GIVEN MATERIAL
____________
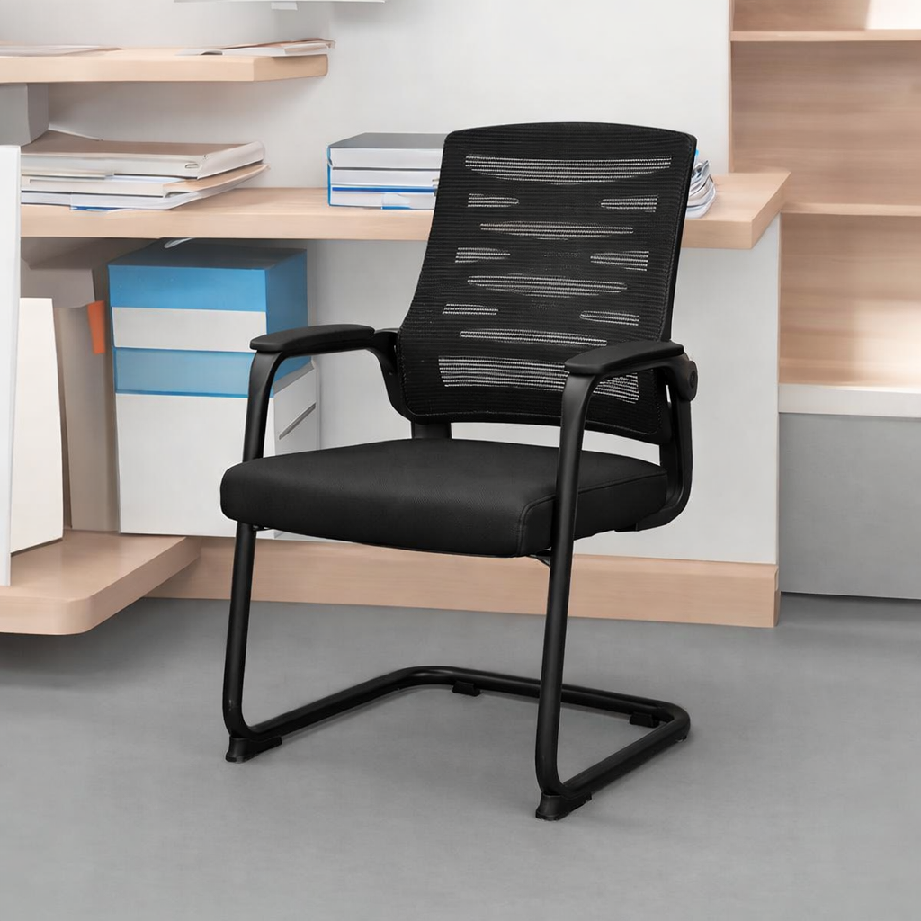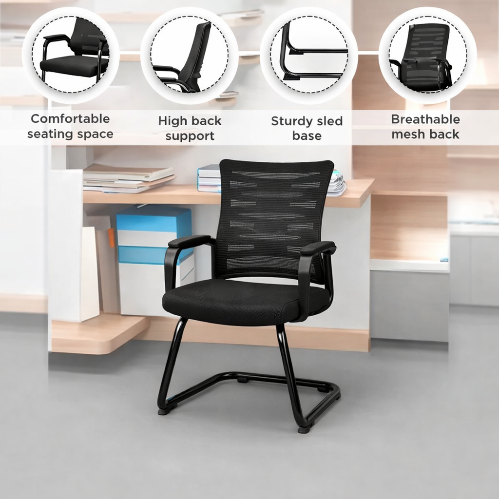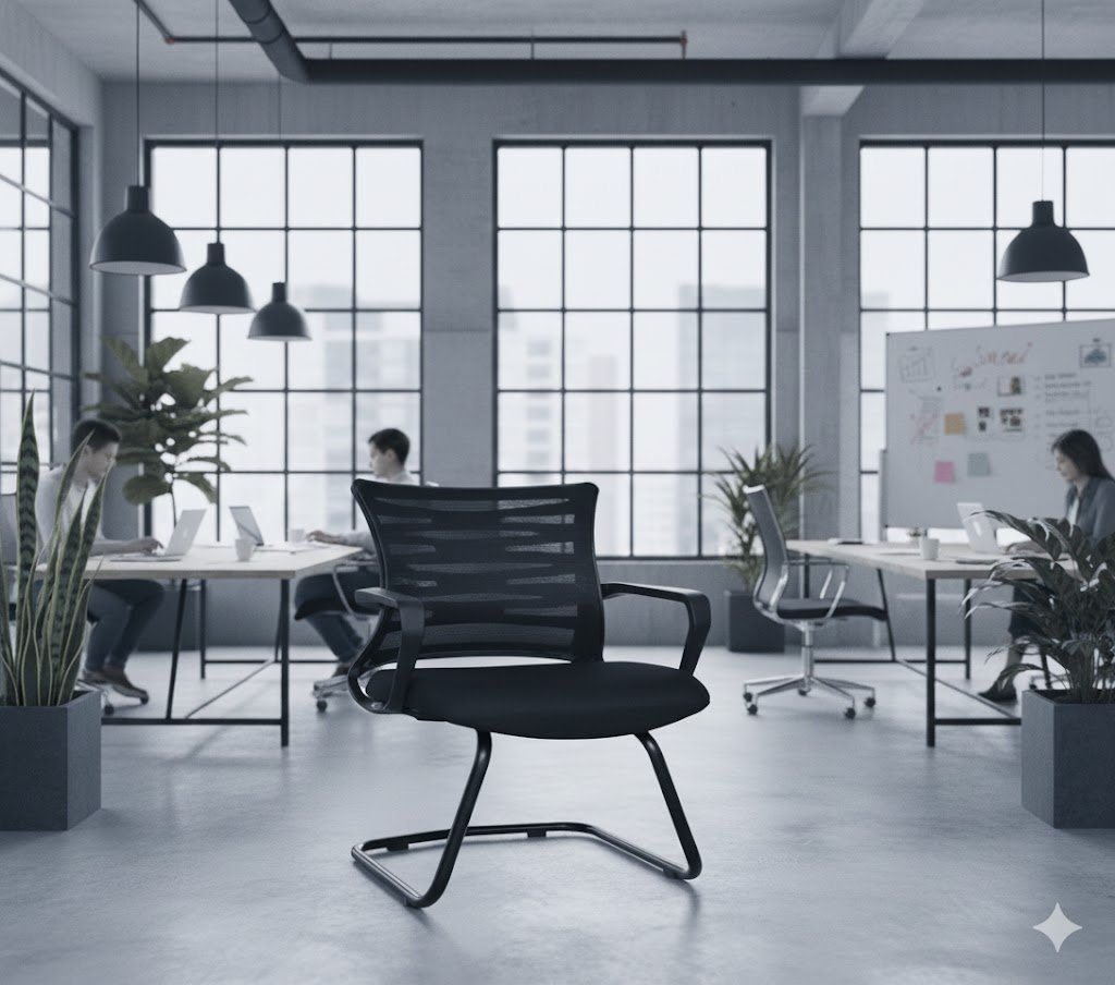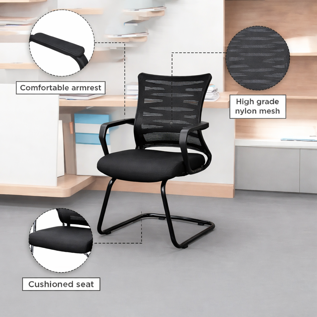 The SteelNest visitor chair delivers comfort and durability for professional environments. It features a breathable mesh backrest with lumbar support and a cushioned PU-moulded foam seat for superior comfort. The sturdy chrome cantilever base ensures stability and a sleek modern look, while fixed armrests provide added support during meetings or waiting periods.
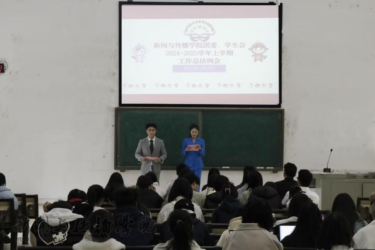 1月3日,新闻与传播学院在五综308举行了团委、学生会2024年秋季学期期末总结大会。学院团委书记李樱花、学工办辅导员兰浩玮以及团委、学生会干部出席了会议,会议由学生会秘书部志愿者姚富豪、黄雨瑶主持。
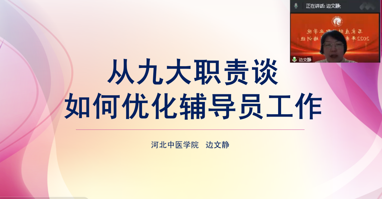 此次培训还特邀河北中医学院党政办公室副主任、全国中医药院校优秀学生工作者、优秀辅导员边文静,作《从九大职责谈如何优化辅导员工作》主题讲座。边老师结合多年一线辅导员工作实际,以鲜活生动的案例讲解了辅导员的“九大职责”;以生动活泼的语言分享辅导员如何履行好“九大职责”的工作方法。她提到辅导员要围绕学生、关照学生、关心学生,服务学生,同时还要努力提升自己,积极参加辅导员素质能力大赛,一分耕耘一分收获,脚踏实地实现从合格辅导员到优秀辅导员的华丽转变。
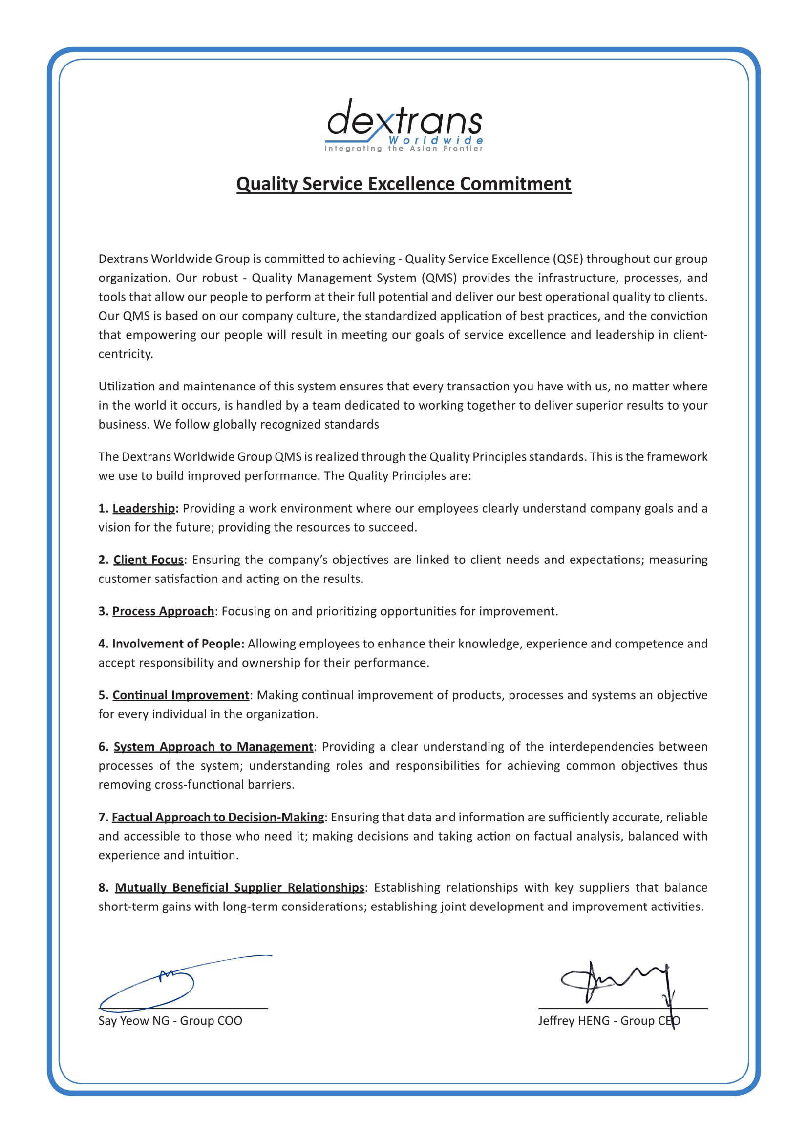 MESSAGE BY “JEFFREY HENG – CEO, DEXTRANS WORLDWIDE GROUP”
____________
WHAT YOU SHOULD DO
From the line containing "此次培训还特邀河北中医学院党" down to the final line of the material above, reproduce each line exactly and include no images.

RESPONSE
 此次培训还特邀河北中医学院党政办公室副主任、全国中医药院校优秀学生工作者、优秀辅导员边文静,作《从九大职责谈如何优化辅导员工作》主题讲座。边老师结合多年一线辅导员工作实际,以鲜活生动的案例讲解了辅导员的“九大职责”;以生动活泼的语言分享辅导员如何履行好“九大职责”的工作方法。她提到辅导员要围绕学生、关照学生、关心学生,服务学生,同时还要努力提升自己,积极参加辅导员素质能力大赛,一分耕耘一分收获,脚踏实地实现从合格辅导员到优秀辅导员的华丽转变。
 MESSAGE BY “JEFFREY HENG – CEO, DEXTRANS WORLDWIDE GROUP”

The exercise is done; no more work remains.